O problema, contudo, é que a tese não encontra amparo na evidência disponível. À parte inflação muito elevada, que, por motivos vários, reduz o potencial de crescimento da economia, e episódios de deflação ao estilo japonês, taxas, digamos, “moderadas” de inflação não têm quaisquer efeitos sobre o crescimento de médio e longo prazo. Concretamente, a capacidade de crescimento de um país independe da inflação ser de 4,5%% ou de 6,5%.
Isso dito, não creio haver dúvida, particularmente para a parcela mais pobre da população, que uma taxa de inflação de 4,5% é preferível a uma de 6,5%. Assim sendo, respondendo à minha própria pergunta, não há vantagem alguma de termos a inflação acima da meta.
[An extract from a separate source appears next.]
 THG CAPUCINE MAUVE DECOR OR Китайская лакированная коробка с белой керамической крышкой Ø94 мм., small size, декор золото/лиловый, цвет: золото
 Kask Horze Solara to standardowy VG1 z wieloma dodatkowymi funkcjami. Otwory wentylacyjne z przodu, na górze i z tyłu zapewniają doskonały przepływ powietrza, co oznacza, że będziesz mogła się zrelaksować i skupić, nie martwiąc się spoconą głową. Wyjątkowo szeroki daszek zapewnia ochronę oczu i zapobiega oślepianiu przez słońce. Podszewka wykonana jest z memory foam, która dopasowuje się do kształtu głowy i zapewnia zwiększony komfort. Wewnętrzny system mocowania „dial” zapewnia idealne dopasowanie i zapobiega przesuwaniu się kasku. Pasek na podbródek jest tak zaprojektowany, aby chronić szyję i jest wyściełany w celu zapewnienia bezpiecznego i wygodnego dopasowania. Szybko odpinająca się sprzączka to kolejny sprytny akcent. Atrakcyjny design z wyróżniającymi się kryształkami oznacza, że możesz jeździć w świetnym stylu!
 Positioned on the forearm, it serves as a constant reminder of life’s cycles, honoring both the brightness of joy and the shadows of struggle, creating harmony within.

Por outro lado, cabe reconhecer que, ao menos no curto prazo, quando a inflação se encontra além da meta, o esforço de redução requer, durante algum tempo, que a economia opere abaixo do seu potencial, de modo a reduzir as pressões que surgem, em geral, no mercado de trabalho.
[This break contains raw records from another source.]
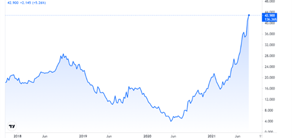 自今年5月以来,天然气价格上涨了逾1000%,也成为了年内涨幅最大的大宗商品。
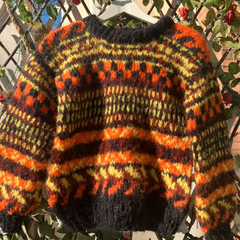 Flott hjemmestrikket genser ubrukt i flotte farger. Genseren har fin passform, lengde 56 og brystvidde 47. Kan sende med PostNord direkte hvis ønskelig. Ta gjerne kontakt ved interesse.
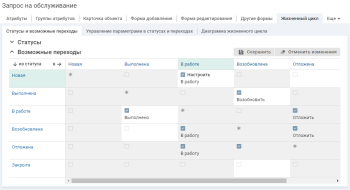 Возможные переходы между статусами настраиваются для каждого класса объектов, у которого включен жизненный цикл, и его типов.
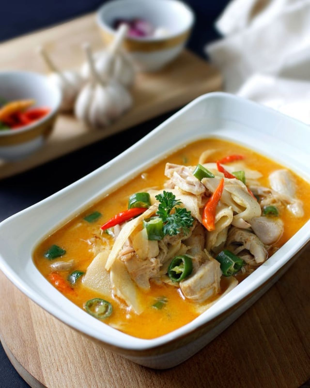 Lodeh Rebung Tewel adalah masakan khas Indonesia yang menggugah selera. Hidangan ini terdiri dari bahan utama rebung (bambu muda) dan tewel (nangka muda) yang dimasak dengan santan. Lodeh sangat populer di berbagai daerah di Indonesia dan sering disajikan saat acara keluarga maupun perayaan. Rasanya yang gurih dan segar membuatnya menjadi salah satu favorit banyak orang. Yuk, coba buat di rumah!
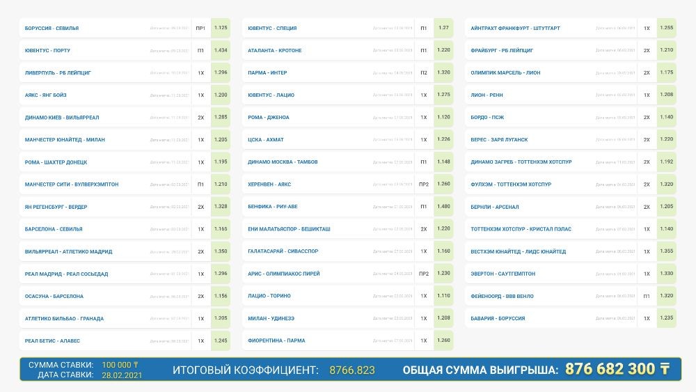 At the same time, it should be noted that events with not the highest odds were selected for the accumulator - the largest of them was equal to 1.48. Most of the bets were placed on the favourites of football matches in European competitions and the leading European championships. This consistent tactic resulted in a generous reward for the forecaster.
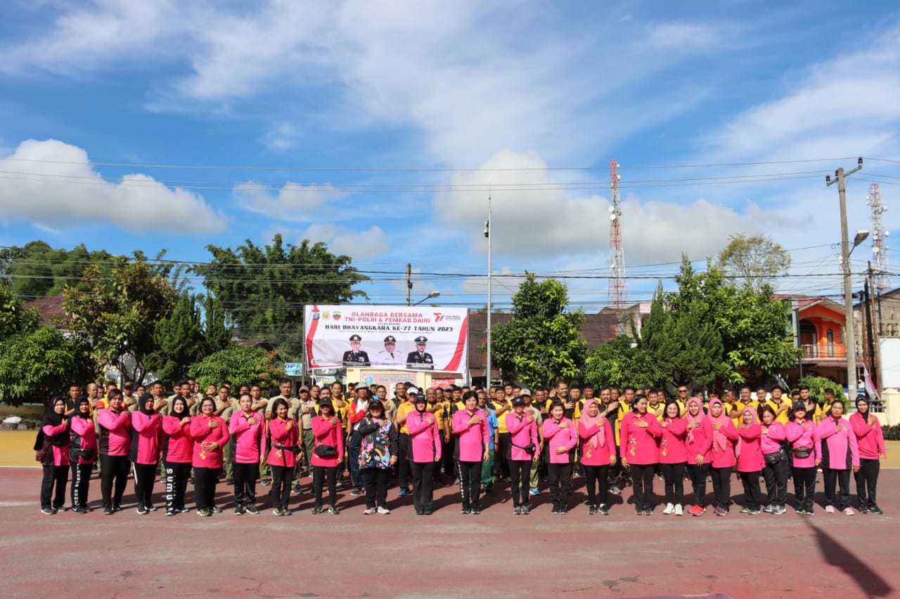 Dairi24jam || SidikalangMenyambut Hari Bhayangkara Ke-77 Tahun 2023, Polres Dairi Gelar Olahraga bersama bersama TNI-POLRI & Pemkab Dairi, Selasa Pagi (27-06-2023) berlokasi di Halaman Mapolres Dairi.

Por mais cruel que isso possa soar, o desemprego deve subir além do nível compatível com a inflação estável para moderar as demandas salariais (ou, de forma equivalente, a capacidade ociosa das empresas deve subir para reduzir seu poder de elevação de preços). Há, portanto, algum custo para desinflacionar a economia.
Por conta disso, BCs podem, dependendo da magnitude do desvio da inflação, escolher uma trajetória de convergência mais suave (por exemplo, como o BC fez em 2004/5), para evitar um custo que poderia ser considerado excessivo.
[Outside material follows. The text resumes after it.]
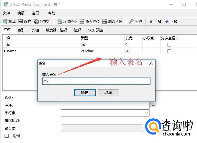 字段都添加完毕以后,我们按Ctrl+S组合键,这个时候会让你输入表名,我们输入完毕点击确定即可,如下图所示
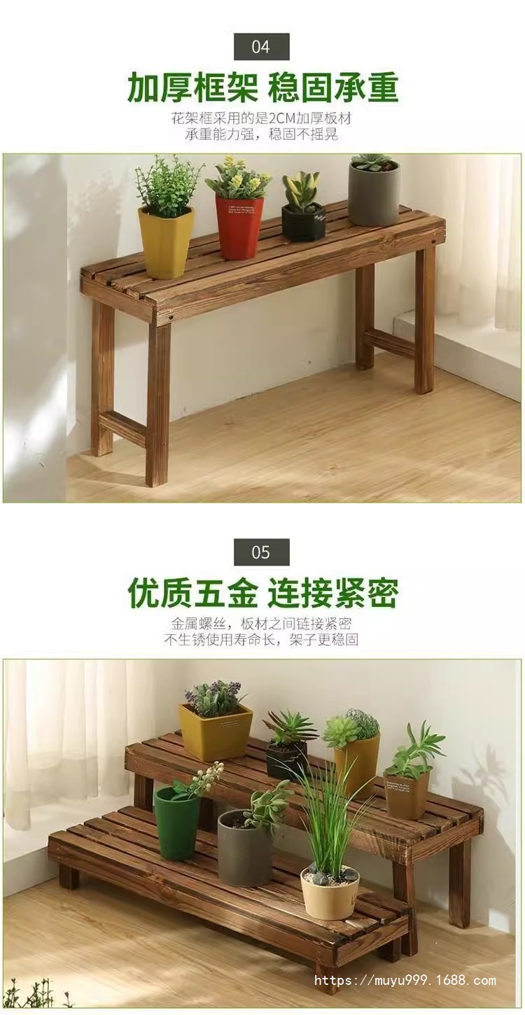 꽃 랙 저장 랙 단단한 나무 탄화 사다리 다층 발코니 바닥 미끄럼 방지 나무 실내 야외 녹색 꽃 냄비 랙

No entanto, convergência, mesmo mais suave, significa retorno à trajetória de metas e não a aceitação da inflação persistentemente acima dela. No primeiro caso, se o período de retorno não for demasiadamente longo, as expectativas se mantêm ancoradas e a desinflação ocorre com menor custo.
No segundo, que é um caso extremo de convergência muito lenta à meta, as expectativas tipicamente se descolarão desta, o que implica custos maiores para reduzir a inflação.
Entretanto, quando os custos de desinflação se elevam, BCs menos determinados acabam por abandonar seus esforços de convergência. Com isso, se tornam prisioneiros de um equilíbrio perverso: não reduzem a inflação porque o custo é alto e os agentes, sabendo disso, mantêm as expectativas acima da meta, elevando o custo de convergência. O que parecia ser um problema de curto prazo torna-se de longo prazo.
Voltamos assim à discussão inicial: temos apenas inflação mais alta, sem benefícios no que tange a crescimento.
Respondendo, pois, à pergunta que me foi feita, o custo da inflação acima da meta não se limita ao curto prazo, mas se estende ao risco, sempre presente, de terminarmos amarrados ao equilíbrio perverso, possibilidade que cortejamos com ardor crescente.